Pro sports are a luxury we
can no longer afford in a world facing dangerous climate change and
where $75 a barrel oil is already straining the budgets of most Third
World countries and threatening their development future.
I'm a fan - had fun this
World Cup and fondly remember the great Whitecap cup run in 79 - but
even if it is 'our oil' (this distillation of millions of years of stored
sunlight), and we (very optimistically) believe that future generations
of Vancouverites will have energy sources equivalent to fossil fuels,
consider what it could be like watching a game or concert in 2010 when
oil is $200 a barrel and millions are starving to death worldwide.
Denial and refusal to shrink
our obese material demands will lead to demand destruction in India,
Indonesia, Bangladesh, etc., instead. Where we can least afford it.
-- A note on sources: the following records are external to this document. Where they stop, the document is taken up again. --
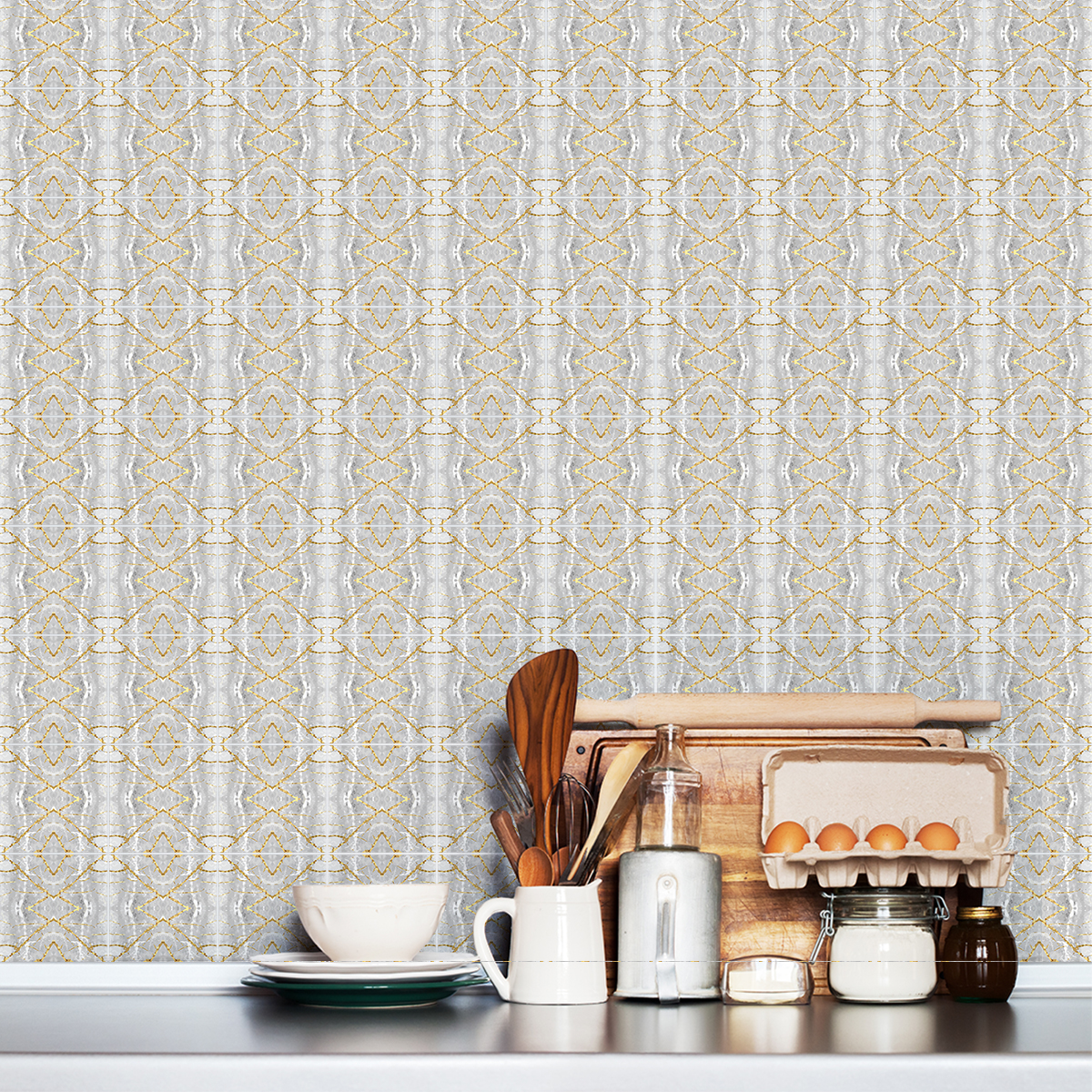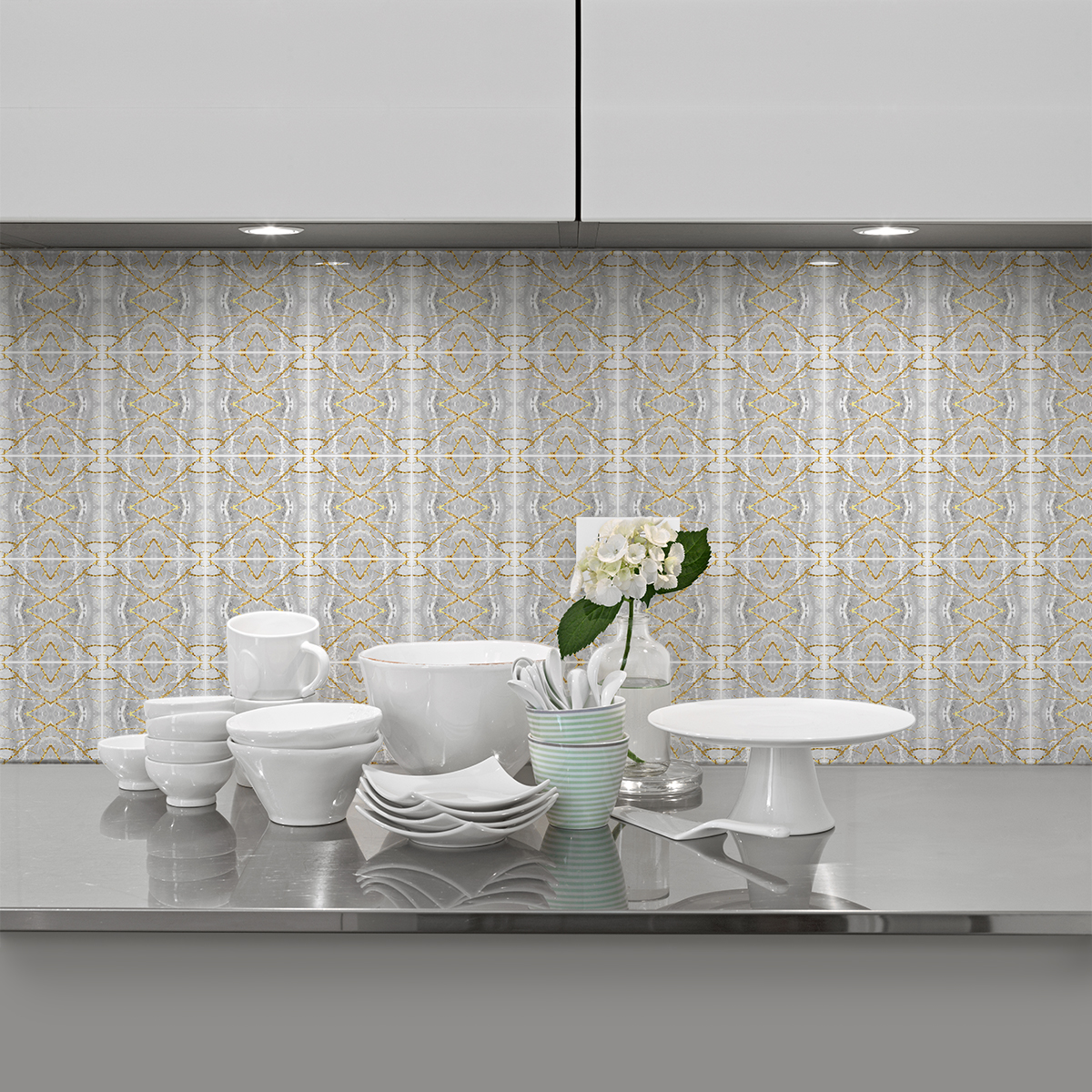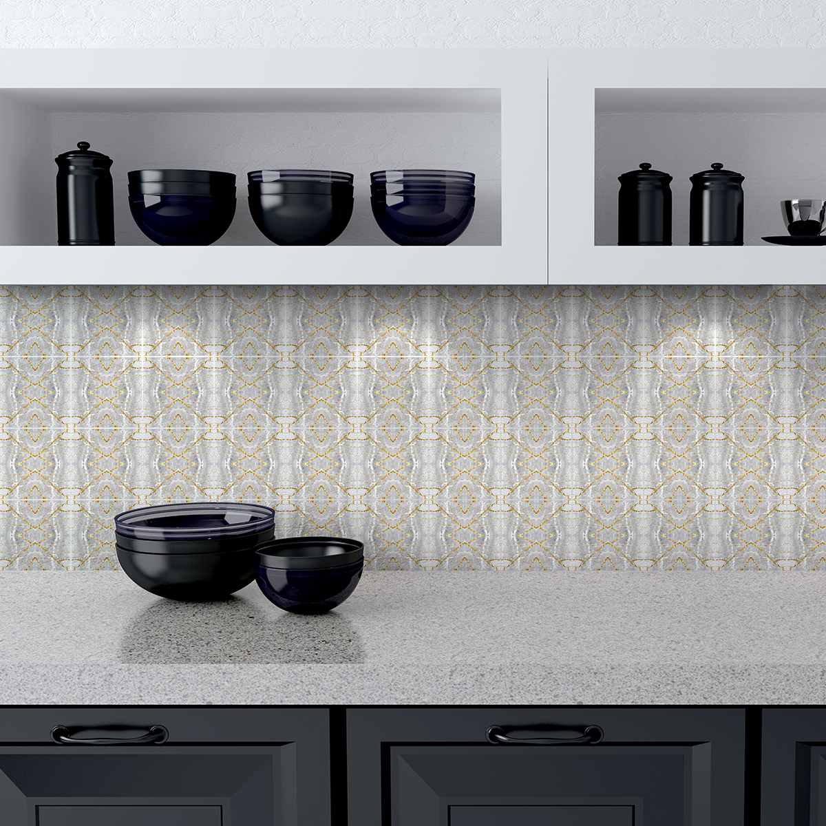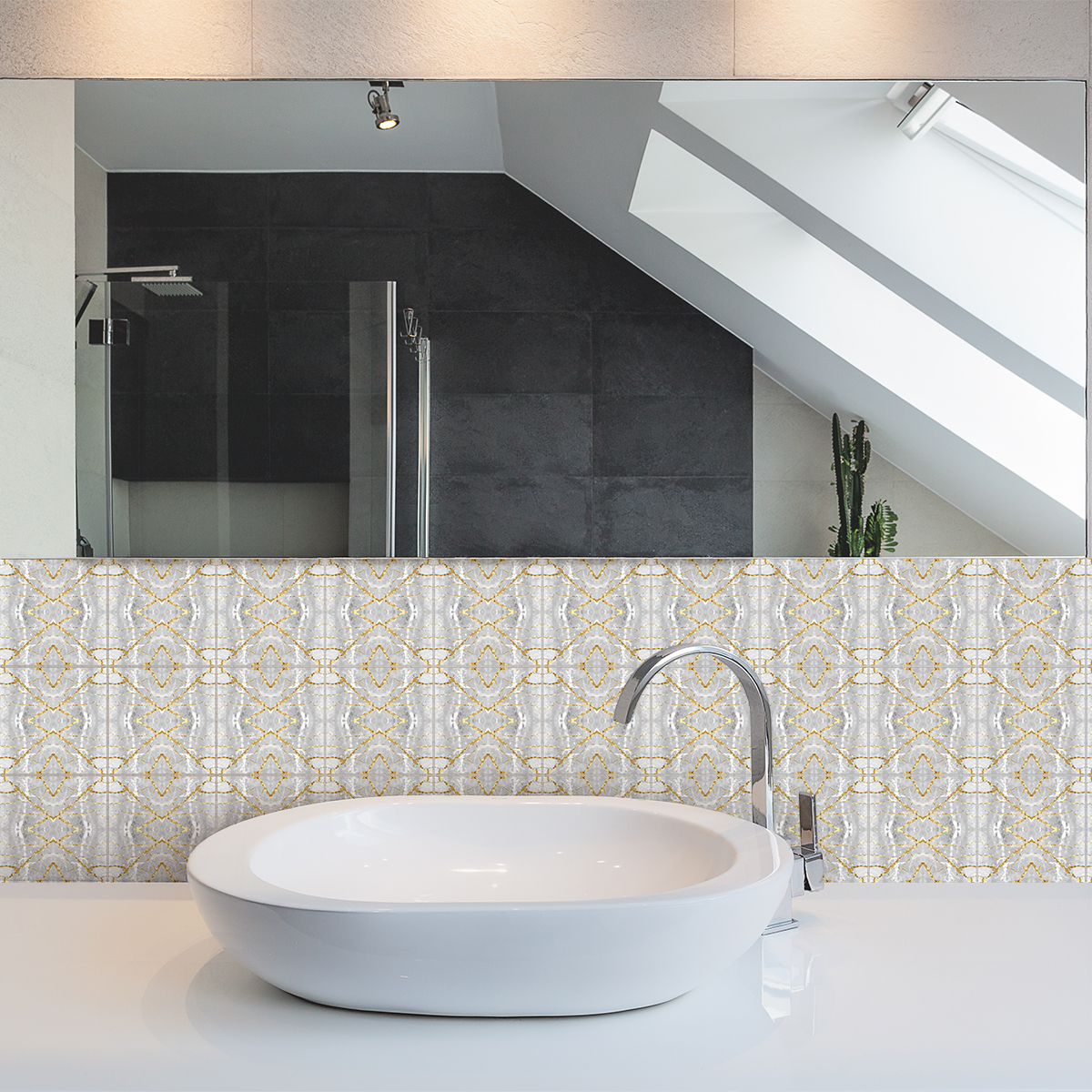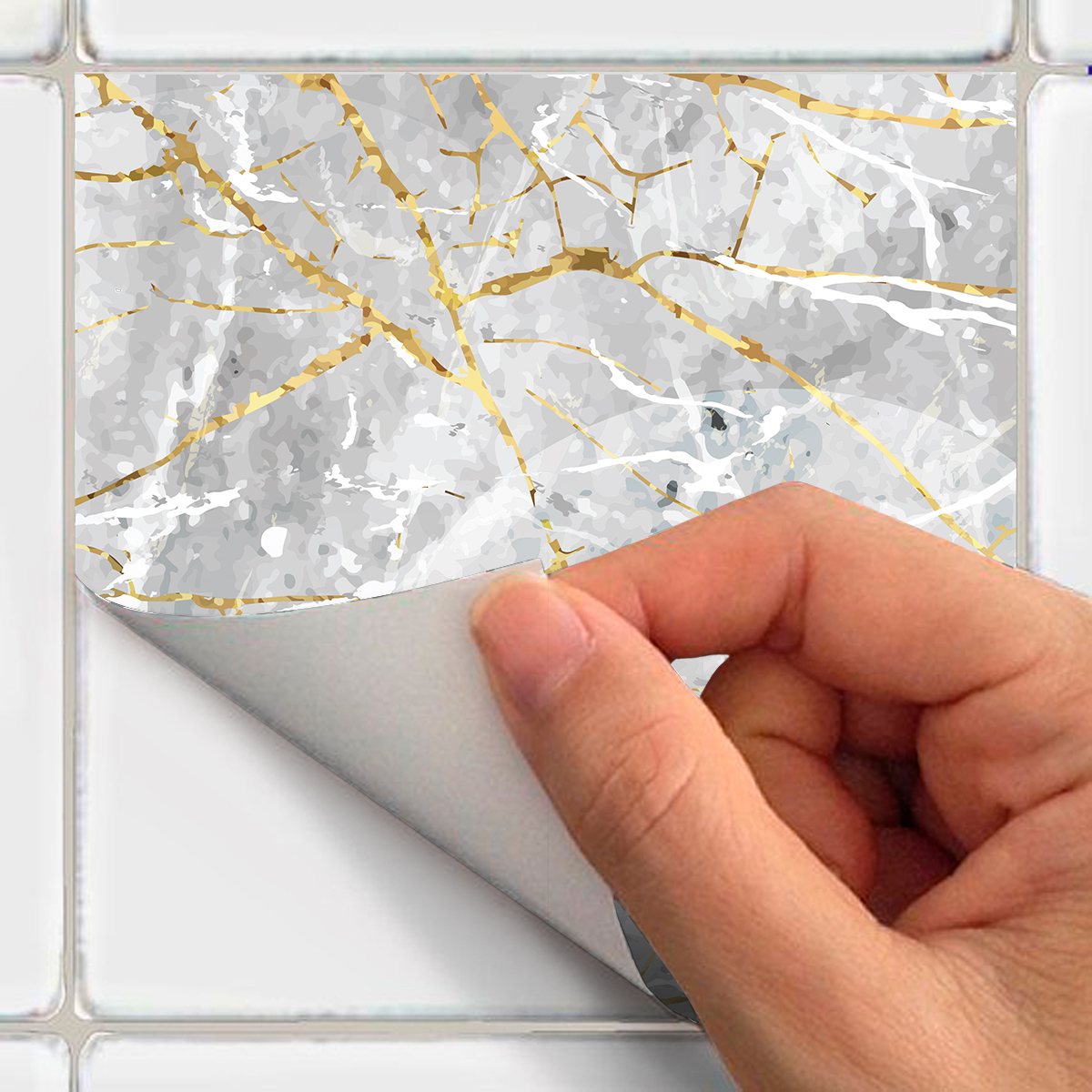 Sticker Mural Carrelage Cuisine Salle de Bain - 9 STICKERS CARRELAGES EFFET MARBRE GRIS ET DORÉ
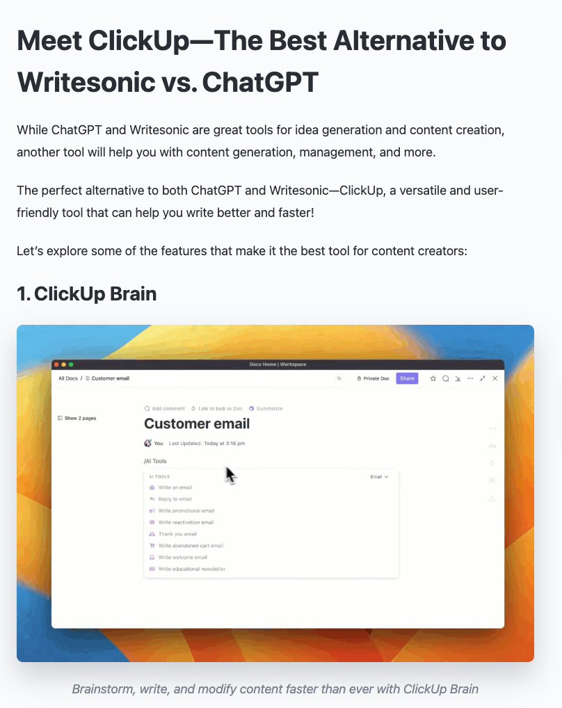 ClickUp’s approach of comparing popular products (Writesonic and ChatGPT) serves as an indirect promotion. By creating content around a popular topic, they can draw in a wider audience who might not have been looking for ClickUp specifically but are interested in AI writing tools.
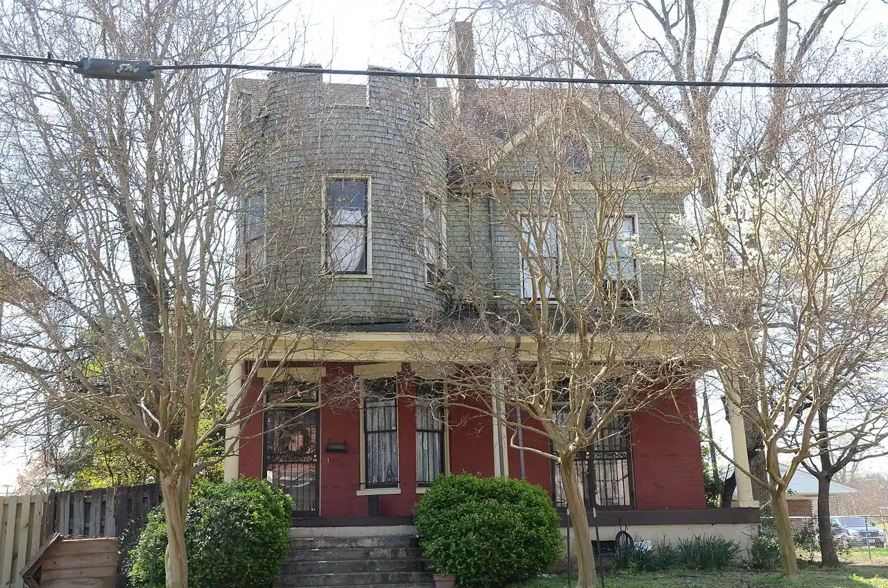 The William Nicholas Straub House is a historic house at 531 Perry Street in Helena, Arkansas. It is a stylistically eclectic -story structure, built in 1900 for William Nicholas Straub, a prominent local merchant. The house's main stylistic elements come from the Colonial Revival and the Shingle style, both of which were popular at the time. The house has a first floor finished in painted brick, and its upper floors are clad in shingles. The main facade has a single-story porch across its width, supported by three Ionic columns. The entrance, on the left side, has a single door with a large pane of glass, and is topped by a transom window. On the right side is a two-sided projecting bay section. The house's most prominent exterior feature is a crenellated tower which rises above the entry. Read more on Wikipedia
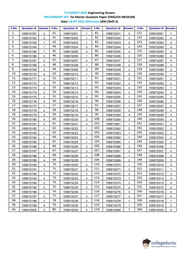 | TS EAMCET 2022 Question Paper | TS EAMCET 2022 Answer Key |
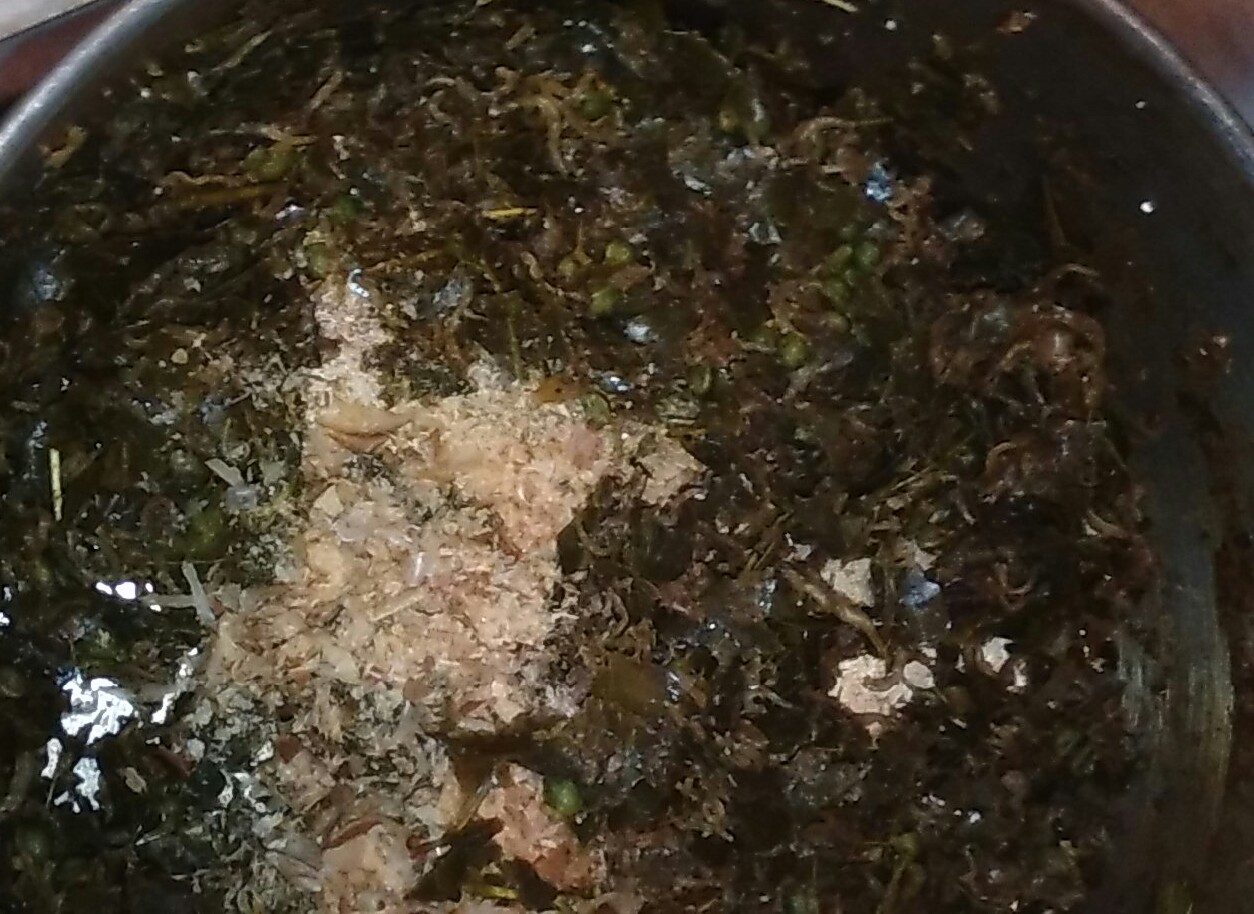 ②こげつく寸前で最後に鰹節を入れ、混ぜれば完成です。
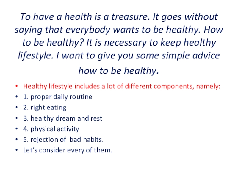 Healthy lifestyle includes a lot of different components, namely:
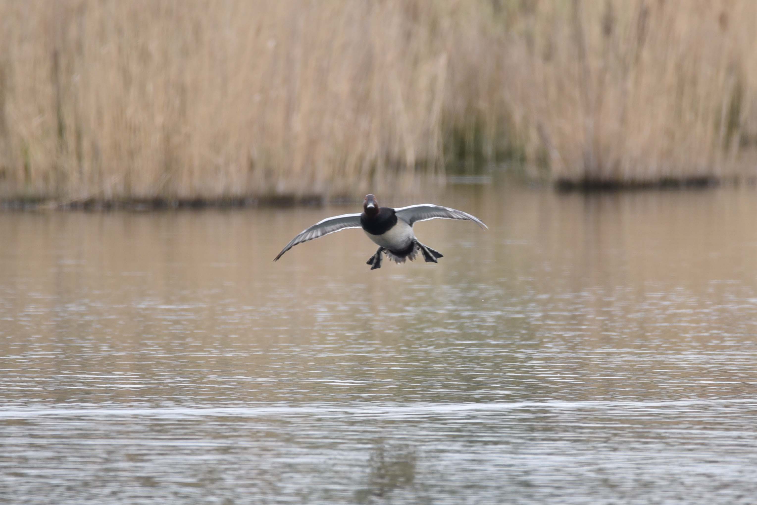 A Pochard on final approach at the Reedbed Hide.
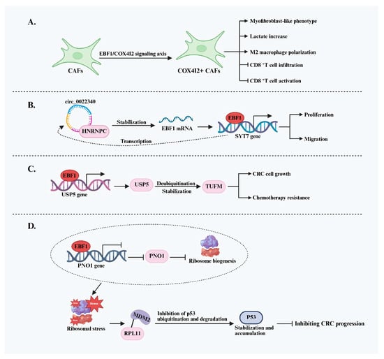 Summary of the oncogenic and tumor-suppressive mechanisms of EBF1 in CRC. (A) EBF1 promotes metabolic reprogramming and immune suppression by activating COX4I2+ CAFs, thereby establishing an immune-evasive microenvironment and reducing the responsiveness of CRC to immunotherapy. (B) circ_0022340 enhances the stability of EBF1 mRNA through HNRNPC, leading to transcriptional activation of SYT7 and driving CRC cell proliferation and migration. (C) EBF1 upregulates USP5 expression to stabilize TUFM protein, promoting CRC cell growth and enhancing chemoresistance. (D) EBF1 suppresses PNO1 expression to induce ribosomal stress, thereby activating the p53 signaling pathway and exerting a tumor-suppressive effect in CRC.

We can enjoy local sports - pro sports are a luxury we can no longer
afford. There is no shortage of wonderful music in existing venues in
Vancouver.
And if we are going to get
serious about climate change does it make sense to have hundreds of
pro sport teams criss-crossing the continent spewing CO2? Are we going
to treat the Whitecaps and Canucks as sacrosanct and consider the NHL,
NFL or MLS more important than increased damage from storms, insect
infestations, drought or biodiversity loss? Or maybe even human
extinction?
Pro sports are one example
of a host of goods and services that we have come to regard as necessities
but which are now luxuries we can no longer afford. You can wade, paddle,
swim, canoe, kayak, sail or surf - aren't powerboats and jet skis luxuries
we can no longer afford?
Most of us think tourism
is basically a good thing, but surely tourism is now luxury travel in
our present circumstances when you calculate the fuel costs, the greenhouse
gas costs and the added increment to our already bloated individual
ecological footprints.
In his very informative book
ONE WORLD philosopher Peter Singer explains that globalization has expanded
our ethical
sphere to include everyone on the planet. But decision
making in our market economy doesn't quantify, factor in and price consequences
of our actions beyond supply and demand. The guy at the pump (supposedly)
rules.
So there isn't even informed
debate about these very real problems with investing in a new stadium.
As Øystein Dahle,
former vice president of Exxon for Norway and the North Sea, has pointed
out, “Socialism collapsed because it did not allow the
market to tell the economic truth. Capitalism may collapse because it
does not allow the market to tell the ecological truth.”